Existe uma postura que virou quase um sinal de sofisticação nos últimos anos: desdenhar do que está na moda.
Você conhece o tipo. A pessoa que nunca vai ao restaurante da vez porque "está cheio demais". Que não adota a ferramenta que todo mundo usa porque "é modismo". Que olha para uma tendência e, antes de testá-la, já a descarta como superficialidade coletiva. Entendo de onde vem esse impulso. Em um mundo saturado de novidades, de listas de "o que você precisa experimentar", o ceticismo parece a resposta mais inteligente.
Mas há uma diferença importante entre discernimento e desdém. E confundir os dois pode custar caro.

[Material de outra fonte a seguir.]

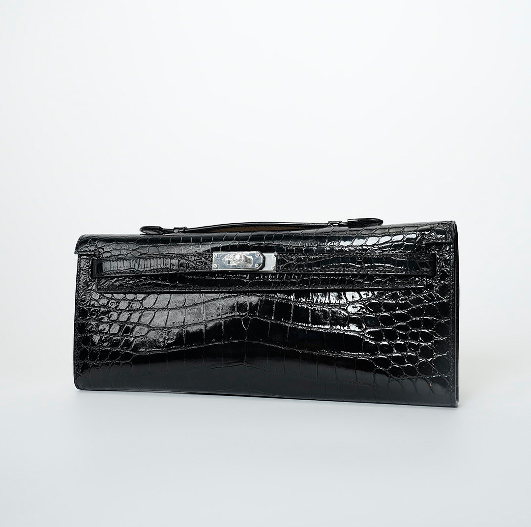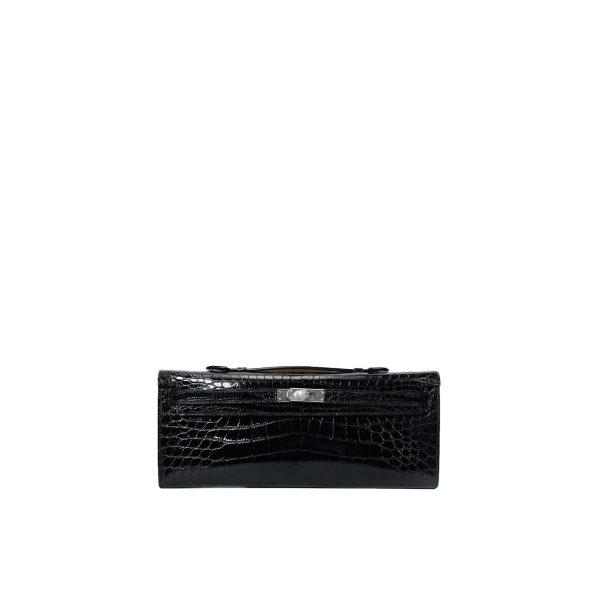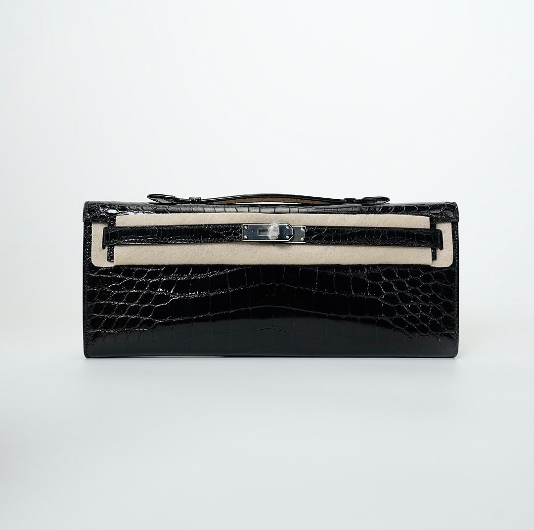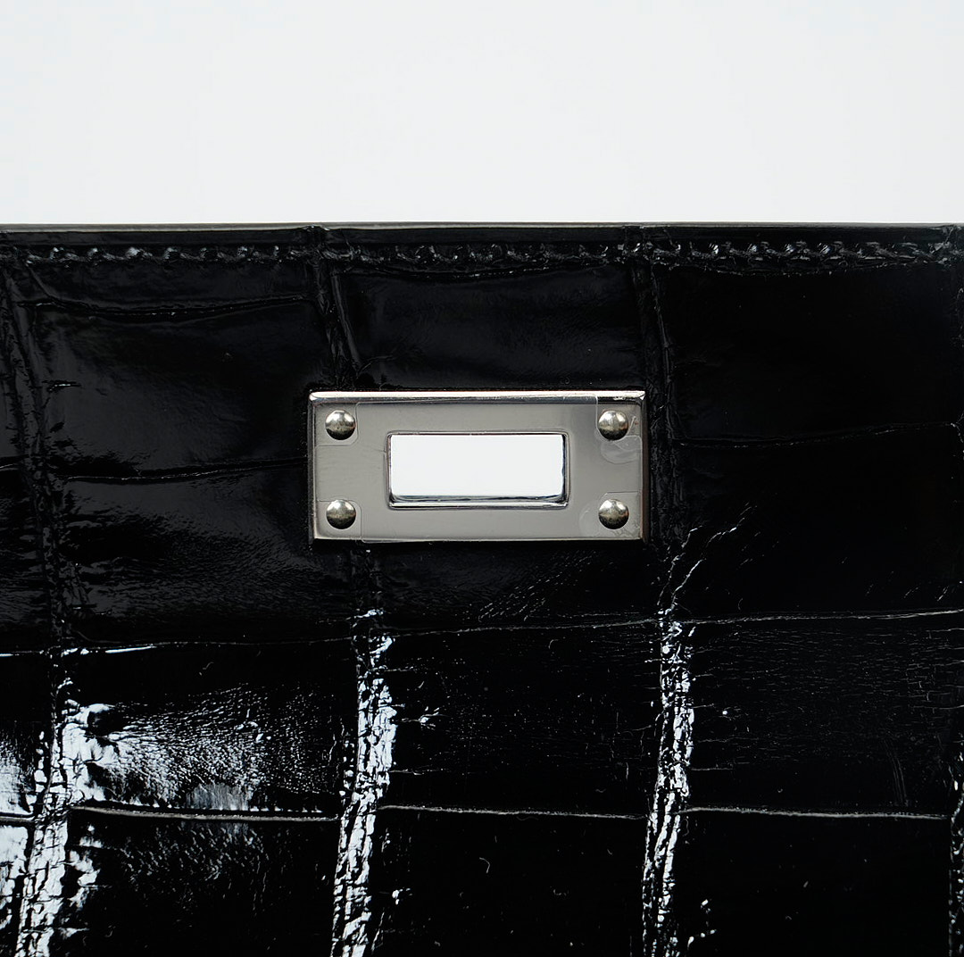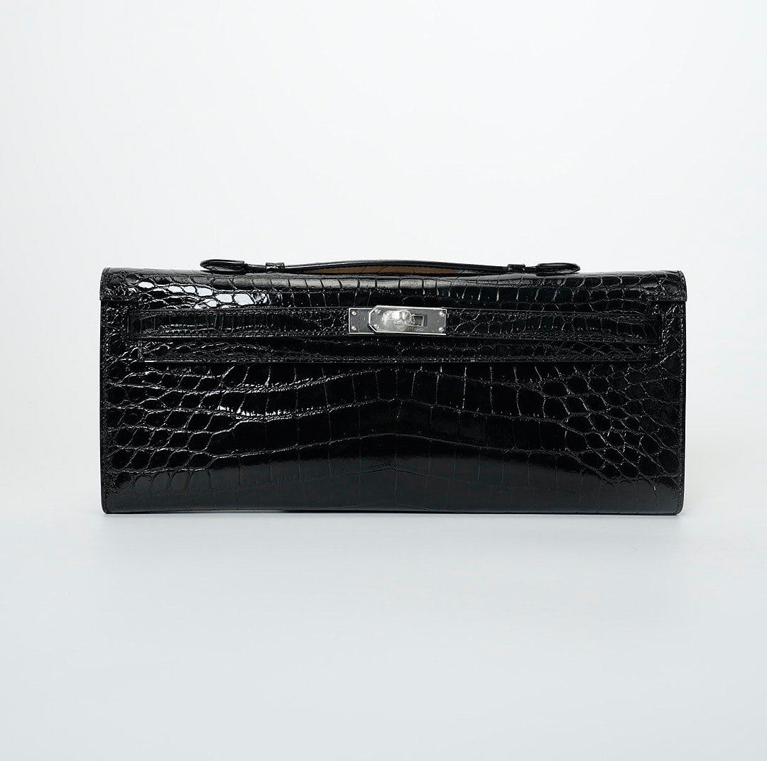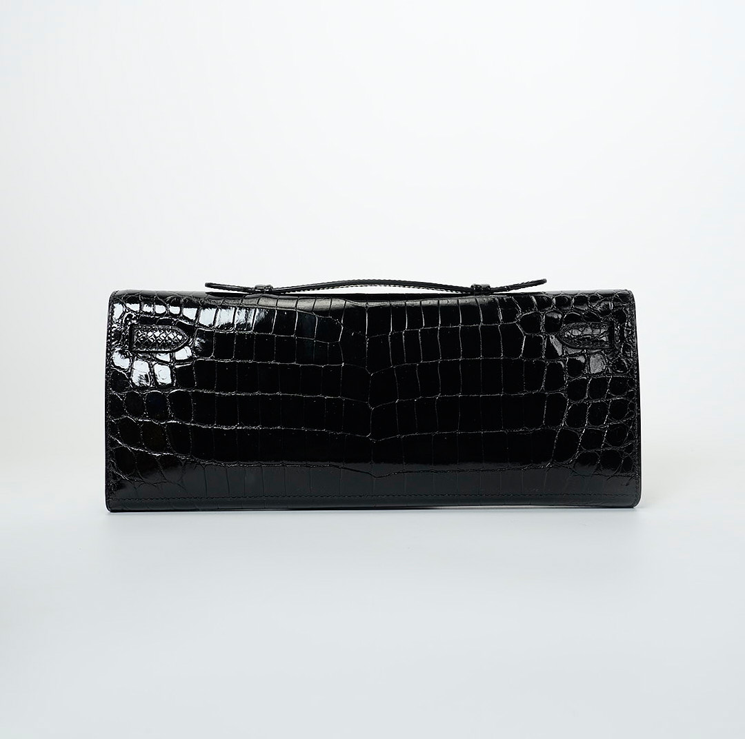 This KY Cut is in black shiny porosus crocodile with palladium hardware and has tonal stitching, two straps with front toggle closure and a top flat handle. The interior is lined with Black chevre and has an open wall pocket.
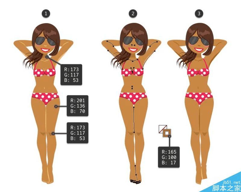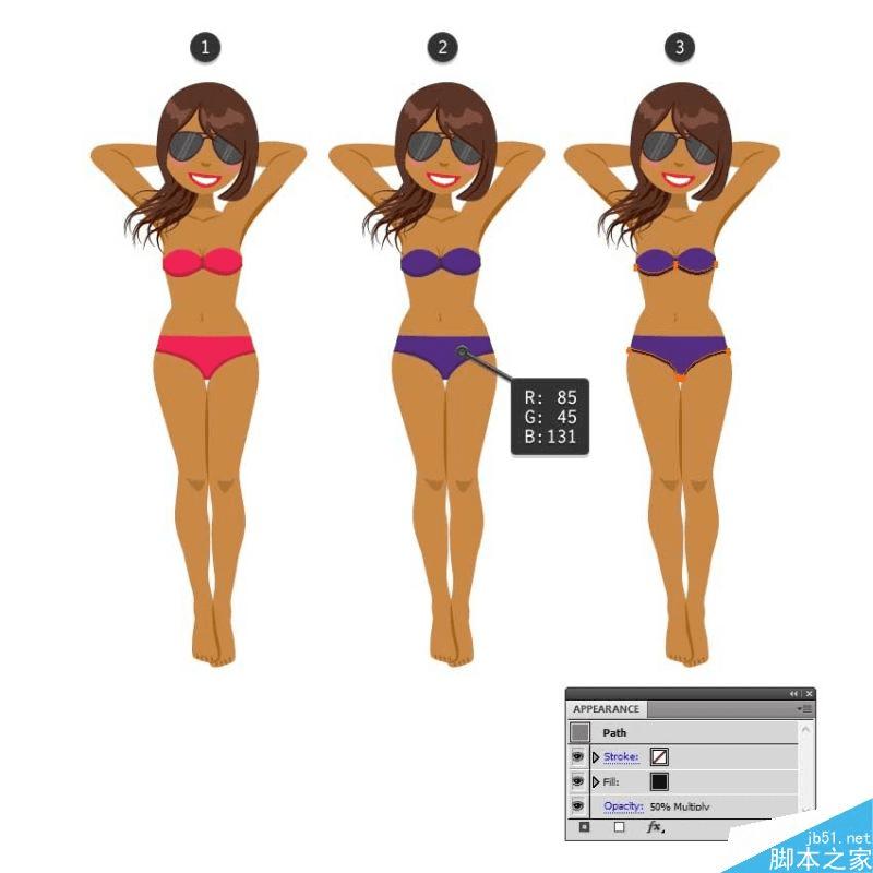 删除泳衣上的圆点。和所有的条纹,选择紫罗兰色作为比基尼的填充色,然后增加两个阴影的形状透明度从20%到50%,来让他们看起来更明显一点。
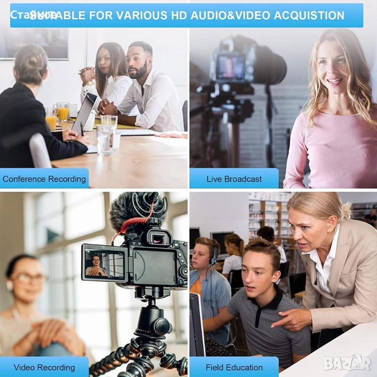 Широка съвместимост --- Поддържа Windows, Android и MacOS; AWG26 HDMI стандартен кабел поддържа вход до 15 метра 1080P; отговаря на USB видео и UVC стандарта, както и USB аудио UAC стандарта.
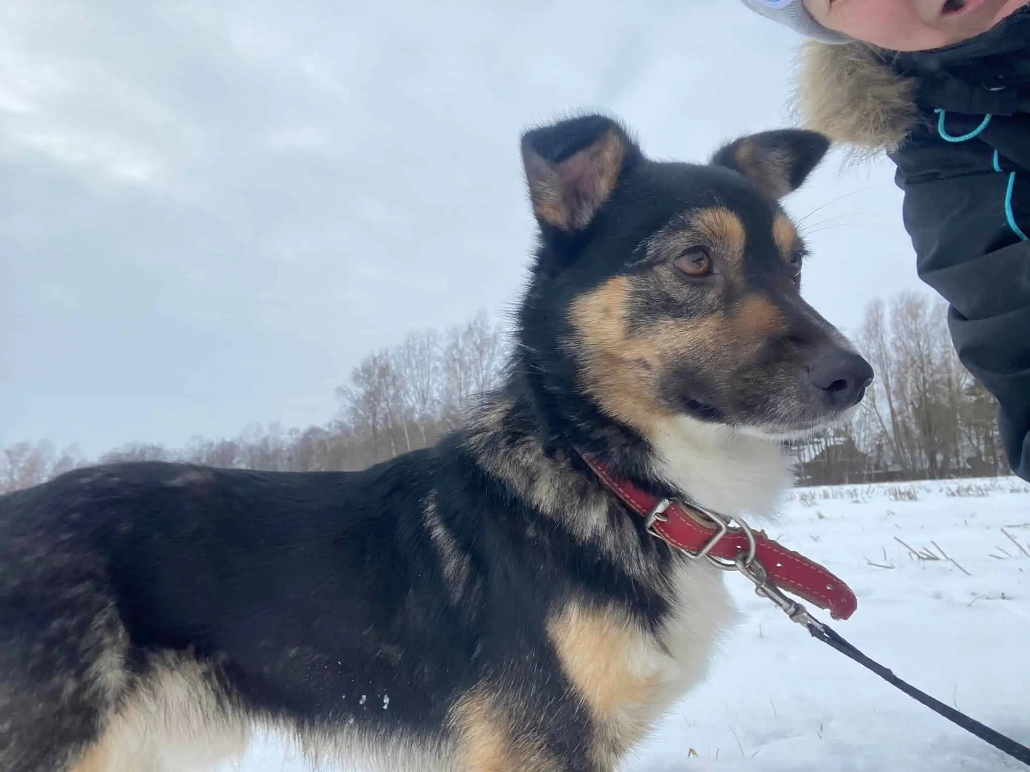 Usein meitä maaseudun teillä juoksentelevia koiria on vaikea saada kiinni. Meillä on sellainen pakenemismoodi päällä ja muutenkin saatetaan pelätä ihmisiä. Anzelikan oli kuitenkin tietenkin ihan pakko pysähtyä tien laitaan ja edes yrittää saada minua kiinni. Näistä ihmisistä tulee ihan sellaisia koirakuiskaajia kun ne viettää päivät pitkät maalaiskoiria pyydystämässä.

Quando algo se torna hype, quando uma ideia, uma ferramenta, um lugar ou uma experiência explode em visibilidade, isso raramente acontece por acaso. Existe um mecanismo real por trás. Pode ser que o produto seja genuinamente bom. Pode ser que responda a uma necessidade que muita gente tinha mas não sabia nomear. Pode ser que ofereça uma experiência que vale a vivência, independentemente de quantas pessoas já a tiveram antes de você. O problema não é o hype em si. O problema é a nossa relação com ele: ou aceitamos tudo sem filtro, ou rejeitamos tudo por reflexo. Nenhuma das duas posturas serve bem a quem quer tomar decisões inteligentes, seja na vida pessoal, seja nos negócios.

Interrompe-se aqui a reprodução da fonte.